(TASK TO COMPLETE): The answer must be only the lines below from the one holding "Подробную инструкцию по" down to the one holding "Élettartam: fekete/fehér 8", ends included, printed exactly; please omit all pictures.

(Items from a dataset):

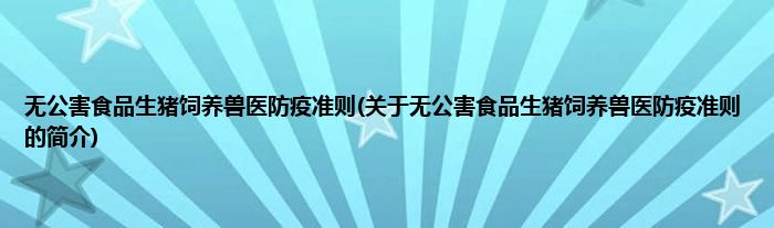 大家好,无公害食品生猪饲养兽医防疫准则,关于无公害食品生猪饲养兽医防疫准则的简介很多人还不知道,现在让我们一起来看看吧!
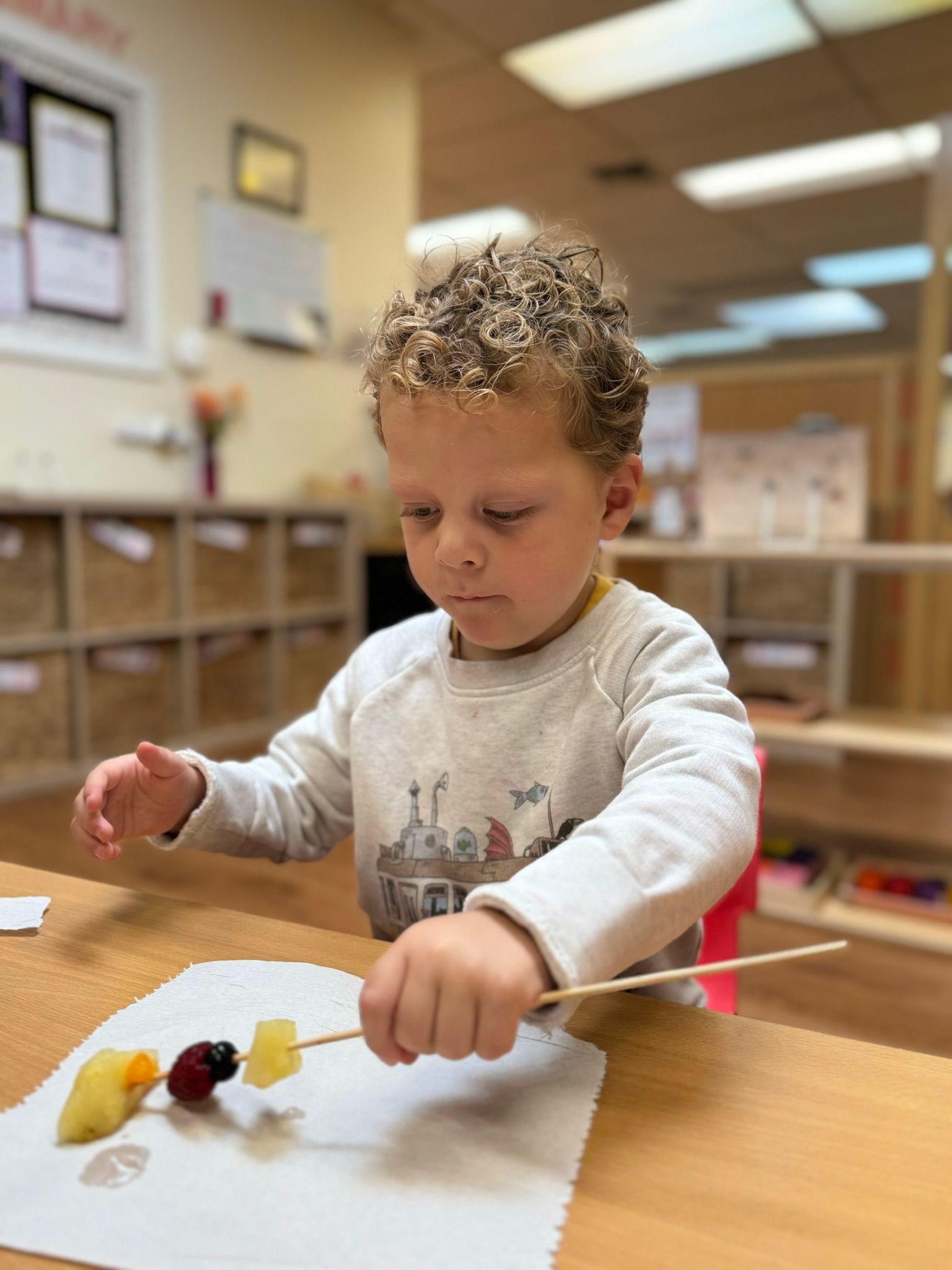 For Enrichments, our class participates in cooking. Exploring cooking can be an adventure, especially when it involves a Chicka Chicka Boom Boom tree1 Recently, the children learned valuable life skills while creating this snack. They started by peeling a banana and placing it on a plate. Then, they arranged six apple slices as tree branches and topped them with blueberries for coconuts. This activity taught them patience, problem-solving, and creativity. Following each step required patience. They had to solve challenges like adjusting ingredients. Their creativity shone as they turned simple items into an edible masterpiece. Plus, it promoted healthy eating habits in a fun way. Cooking isn't just about recipes; it's about learning skills for life.
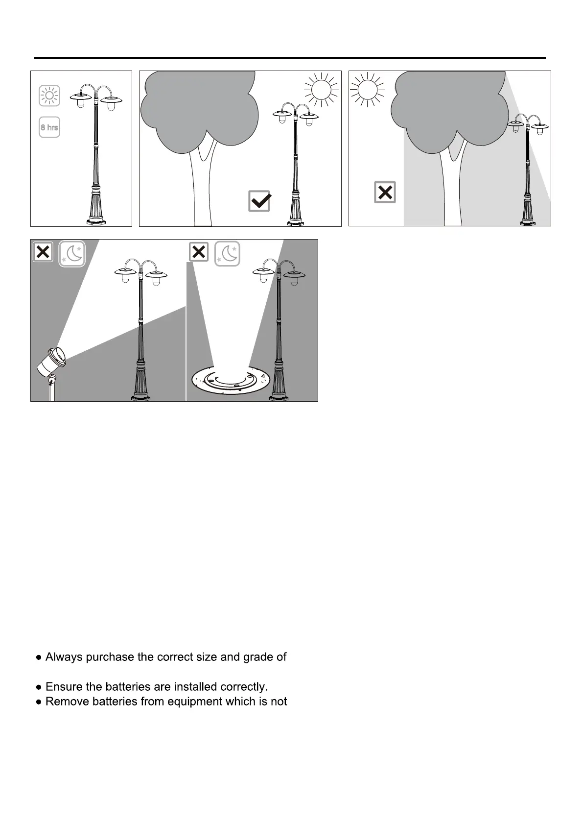 Location: Choose location with minimum 6-8 hours sunlight. When choosing a spot for your solar
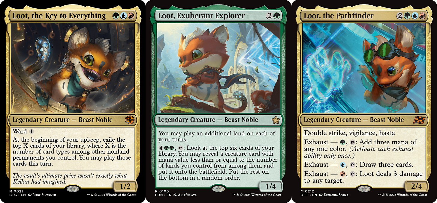 Loot embodies these new ideals. His visual design is that of a League of Legends character, he is quite literally a new character in the game's narrative, and he is being fostered within those stories by the old guard: Jace, Vraska, Chandra, and as of Tarkir: Dragonstorm Narset and Elspeth. The mechanics of the cards he features in further evidence his role in nu-Magic philosophy.
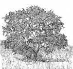 Shrub or small tree. Leaves on short lateral twigs, narrowly to broadly elliptic or obovate, small, usually c. 3 × 2 cm, dark green to grey-green above, densely velvety below, 3-6 pairs of lateral veins indented above, prominent below; margin entire, rolled under. Flowers creamy white to pale yellow, in dense, axillary and terminal spikes. Fruit c. 20 mm in diameter, 4-winged, rich reddish brown, in the centre with golden-brown wings. |
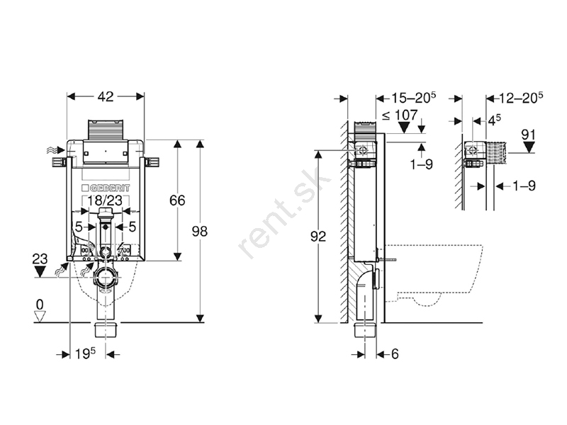 Geberit 110.010.00.1 - Podomietkový modul pre závesné WC Kombifix 98 cm
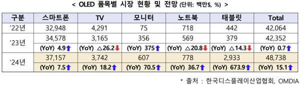 한국디스플레이산업협회 ‘디스플레이산업 주요 통계(2024년 1분기)’ 보고서 발표
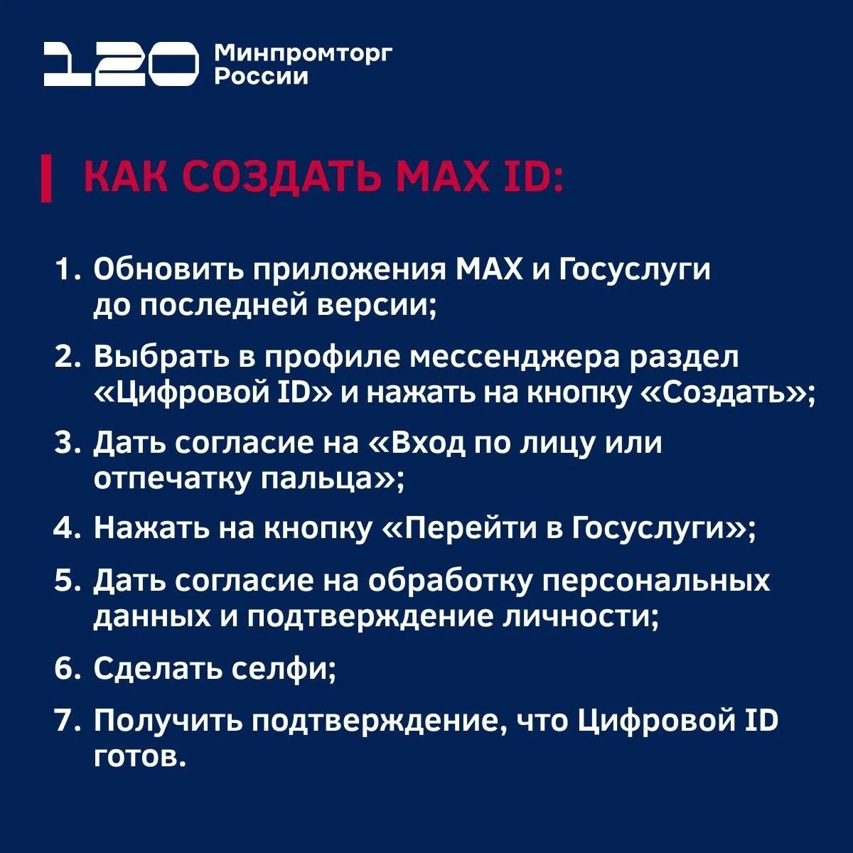 Подробную инструкцию по созданию Цифрового ID с помощью национального мессенджера МАХ дали в Минпромторге России. В МАХ-канале ведомства рассказано, как пользоваться сервисом и почему это безопасно.
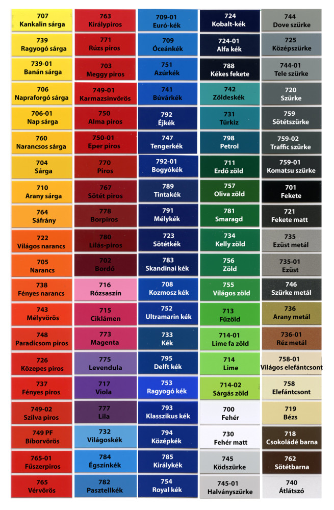Élettartam: fekete/fehér 8 év, színesek 7 év, metál 5 év
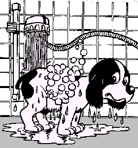 | Wen Uw hond op jonge leeftijd aan baden en afspoelen onder de douche, zodat hij er later geen angst voor heeft. Droog hem direct na het baden zorgvuldig af, houdt hem in een warm en tochtvrij vertrek, tot de hond droog is. Afkoeling van iedere hond - in het bijzonder een pup - vatbaar maken voor ziekte. Langharige honden moeten geborsteld worden voordat ze gewassen worden zodat het verzorgen van de vacht na het baden makkelijker is. Als Uw hond laat wennen aan het geluid van de fohn, dan kunt U Uw hond het beste droog fohnen. |
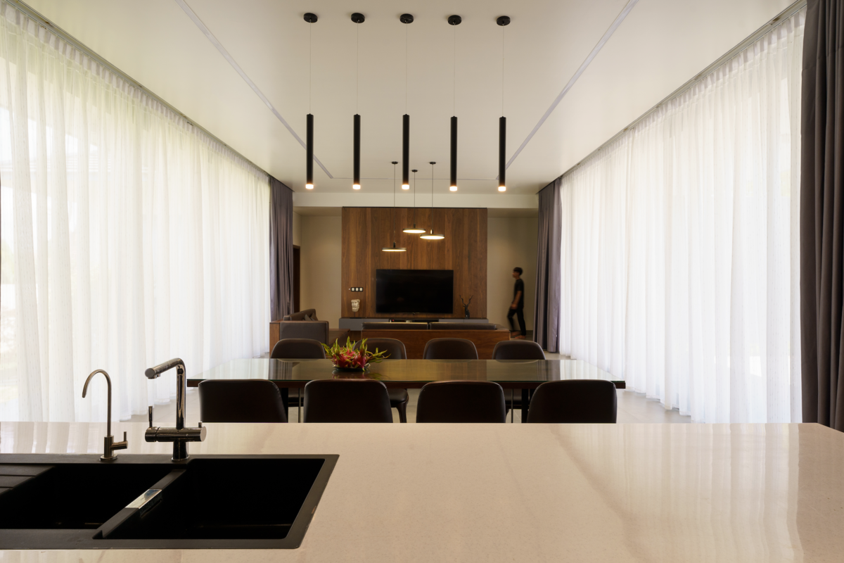 Để phù hợp với nhiều độ tuổi khác nhau, nội thất được phối trộn giữa "gu" của các thành viên. Ví dụ, không gian sinh hoạt chung có màu trung tính.
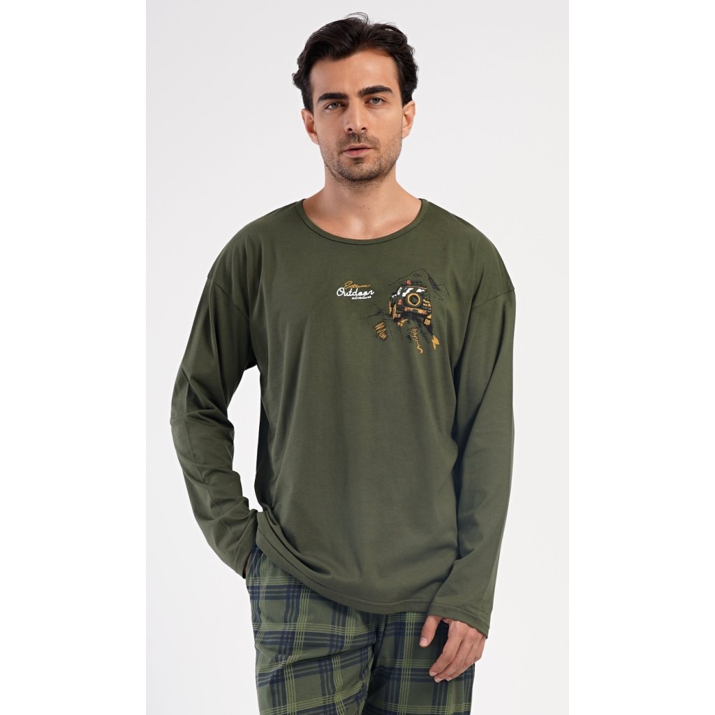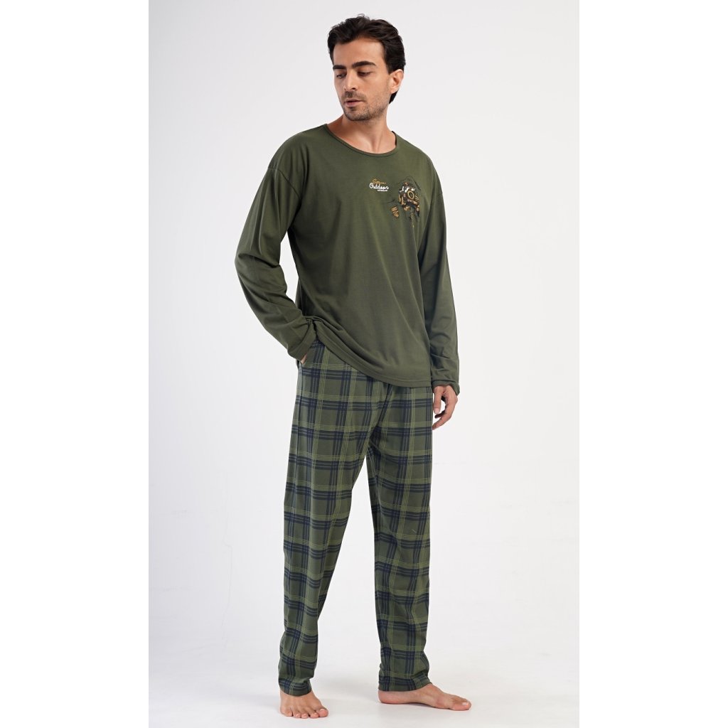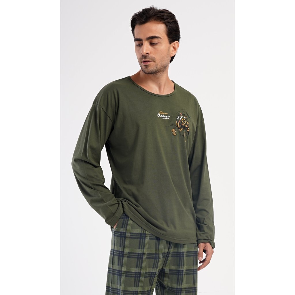 Pánské dlouhé bavlněné pyžamo David. Pánské pyžamo se skládá z trika s dlouhým rukávem a dlouhých kalhot. Triko je jednobarevné, zdobené na hrudi obrázkem terénního auta a nápisem 'Extreme outdoor adventure'. Kostkované kalhoty mají v pase gumu, šňůrku na stažení a praktické kapsy. Použitý materiál s obsahem bavlny 100% je poddajný a příjemný na dotek.

(ANSWER SPACE):
 Подробную инструкцию по созданию Цифрового ID с помощью национального мессенджера МАХ дали в Минпромторге России. В МАХ-канале ведомства рассказано, как пользоваться сервисом и почему это безопасно.
Élettartam: fekete/fehér 8 év, színesek 7 év, metál 5 év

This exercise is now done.